That was one of 11 strikeouts for Beckett, about whom the only nitpicking thing you can say is that he finally walked somebody. But just one, so hold the angry 'EEI and 890 phone calls.
"Once he settled down and established his breaking ball," said Terry Francona, "he really became the dominant pitcher we've relied on so much."
It was his third straight Cy Young-level outing of the 2007 postseason, which is very interesting since he is very unlikely to win the award. C.C. Sabathia is, and he may not feel as good about that prize as he'd like to since he has now gone to the post three times this month and is now 1-2 with last night's 7-1 loss, two in head-to-head battles with his chief competitor for the biggest pitching award. In the first two starts, C.C. was flat-out bad. Last night he was middlin', and middlin' had no chance against Mr. Josh Beckett, who has been the No. 1 starter of any team's dreams in his three postseason starts.
But it wasn't just "The Josh Beckett Story" last night. From the moment Kevin Youkilis hit Sabathia's fourth pitch of the game onto the landing in left for his third postseason homer, the Red Sox had the look and feel and bounce of a team that, yup, really has been here before. They reached Sabathia for 10 hits, and they came within 2 inches of breaking the game open long before the three-run eighth that really did put the game out of reach.

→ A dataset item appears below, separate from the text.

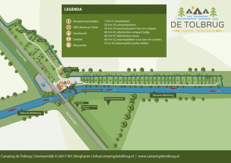 El Camping de Tolbrug está situado en el corazón de Maas y Waal. En esta hermosa ubicación, podrás disfrutar de la paz y la tranquilidad, pero también hay más que suficiente para hacer en el camping y sus alrededores. Disfruta de deliciosos platos americanos en The American Diner, o de una cerveza especial en la terraza. Hay muchas actividades al aire libre, como piragüismo, paintball o un paseo en el E-chopper. En los meses de verano, se organizan veladas musicales con bandas en directo.
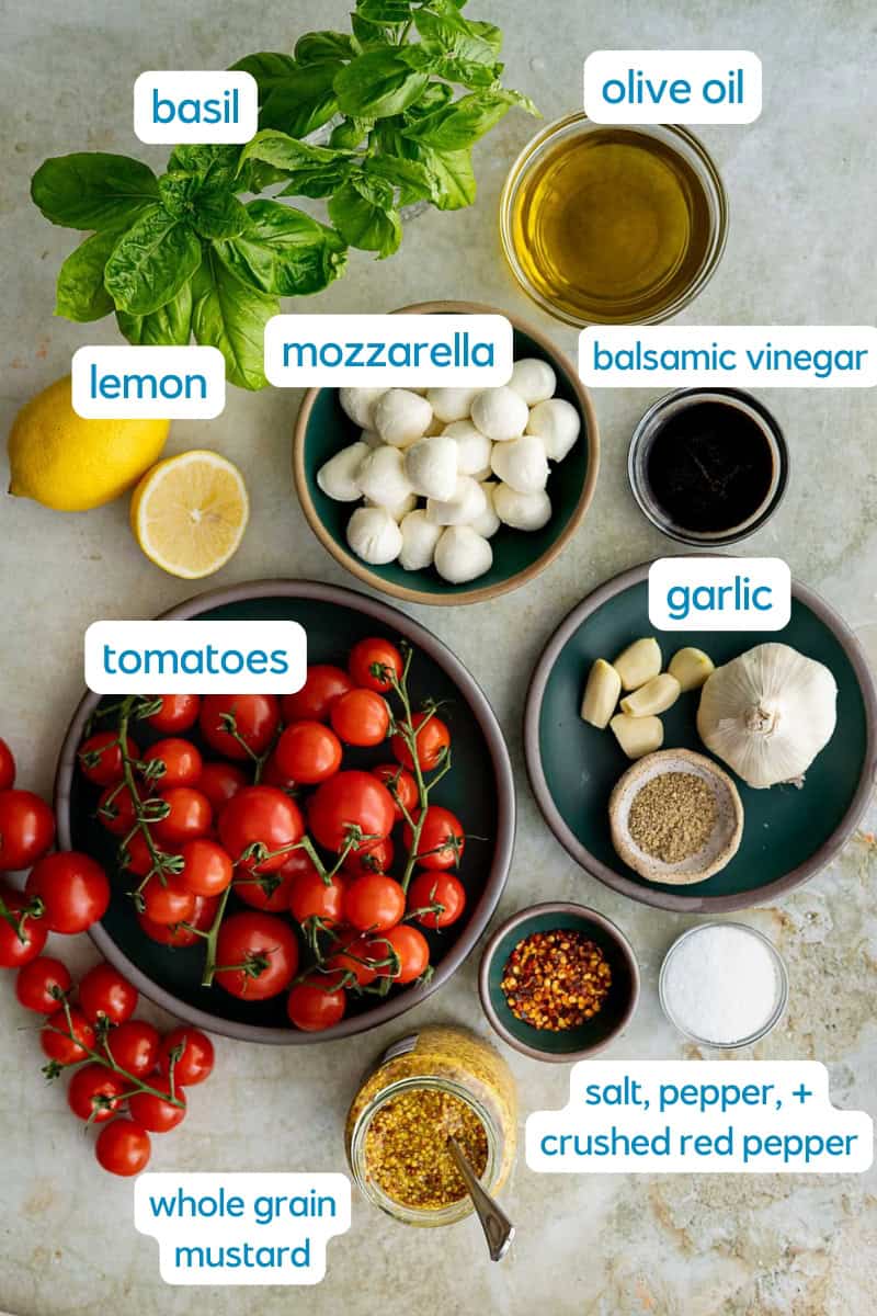 - change the cheese size – If you can’t find the mini mozzarella balls, you can chop a block or log of fresh cheese into bite-sized pieces.

The first inch was the one that turned a third-inning Manny Ramírez blow to deep right-center from a potential two-run homer into an epic RBI single (hate to upset the Manny Enablers, but their guy should have been standing on second). The ball hit the yellow line at the top of the fence, missing a home run by that inch. Francona made the requisite plea for a homer, but replays vindicated the judgment of second base umpire Randy Marsh.